*Activity:*
Please reproduce verbatim the lines below, from the first through the one with "得力 坦克单缸充气泵 DL-TK-A2 120W 30mm合金缸体 1台".

*Task input:*
=== Begin Enclosure ===

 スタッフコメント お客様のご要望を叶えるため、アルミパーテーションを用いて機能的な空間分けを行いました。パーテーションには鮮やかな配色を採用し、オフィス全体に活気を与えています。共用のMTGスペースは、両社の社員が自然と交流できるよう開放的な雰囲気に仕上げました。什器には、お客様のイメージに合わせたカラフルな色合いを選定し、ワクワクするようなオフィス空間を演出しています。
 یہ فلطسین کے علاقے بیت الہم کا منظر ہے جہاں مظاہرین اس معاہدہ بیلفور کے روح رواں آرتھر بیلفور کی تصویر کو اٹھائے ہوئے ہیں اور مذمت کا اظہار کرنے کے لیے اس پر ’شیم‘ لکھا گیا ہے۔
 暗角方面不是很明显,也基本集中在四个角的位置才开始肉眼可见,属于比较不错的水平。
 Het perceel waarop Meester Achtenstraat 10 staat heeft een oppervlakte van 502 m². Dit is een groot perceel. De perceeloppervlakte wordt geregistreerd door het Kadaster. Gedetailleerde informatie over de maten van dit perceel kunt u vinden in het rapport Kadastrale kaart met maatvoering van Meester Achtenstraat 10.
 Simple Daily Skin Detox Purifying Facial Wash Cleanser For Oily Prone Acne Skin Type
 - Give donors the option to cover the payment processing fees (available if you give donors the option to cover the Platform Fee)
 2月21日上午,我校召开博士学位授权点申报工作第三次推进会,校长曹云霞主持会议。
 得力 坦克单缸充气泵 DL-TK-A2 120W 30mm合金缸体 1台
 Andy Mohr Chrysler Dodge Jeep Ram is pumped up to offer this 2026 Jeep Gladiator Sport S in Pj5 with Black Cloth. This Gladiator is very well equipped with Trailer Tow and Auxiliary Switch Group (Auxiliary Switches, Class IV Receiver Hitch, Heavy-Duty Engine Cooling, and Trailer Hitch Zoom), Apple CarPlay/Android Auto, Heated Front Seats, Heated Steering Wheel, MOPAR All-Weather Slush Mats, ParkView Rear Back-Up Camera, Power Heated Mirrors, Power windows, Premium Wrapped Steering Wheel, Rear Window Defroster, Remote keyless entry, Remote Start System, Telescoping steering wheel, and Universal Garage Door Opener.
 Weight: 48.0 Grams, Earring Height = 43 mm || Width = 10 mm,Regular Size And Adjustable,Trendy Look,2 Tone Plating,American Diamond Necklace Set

=== End Enclosure ===

*Solution to this task:*
 スタッフコメント お客様のご要望を叶えるため、アルミパーテーションを用いて機能的な空間分けを行いました。パーテーションには鮮やかな配色を採用し、オフィス全体に活気を与えています。共用のMTGスペースは、両社の社員が自然と交流できるよう開放的な雰囲気に仕上げました。什器には、お客様のイメージに合わせたカラフルな色合いを選定し、ワクワクするようなオフィス空間を演出しています。
 یہ فلطسین کے علاقے بیت الہم کا منظر ہے جہاں مظاہرین اس معاہدہ بیلفور کے روح رواں آرتھر بیلفور کی تصویر کو اٹھائے ہوئے ہیں اور مذمت کا اظہار کرنے کے لیے اس پر ’شیم‘ لکھا گیا ہے۔
 暗角方面不是很明显,也基本集中在四个角的位置才开始肉眼可见,属于比较不错的水平。
 Het perceel waarop Meester Achtenstraat 10 staat heeft een oppervlakte van 502 m². Dit is een groot perceel. De perceeloppervlakte wordt geregistreerd door het Kadaster. Gedetailleerde informatie over de maten van dit perceel kunt u vinden in het rapport Kadastrale kaart met maatvoering van Meester Achtenstraat 10.
 Simple Daily Skin Detox Purifying Facial Wash Cleanser For Oily Prone Acne Skin Type
 - Give donors the option to cover the payment processing fees (available if you give donors the option to cover the Platform Fee)
 2月21日上午,我校召开博士学位授权点申报工作第三次推进会,校长曹云霞主持会议。
 得力 坦克单缸充气泵 DL-TK-A2 120W 30mm合金缸体 1台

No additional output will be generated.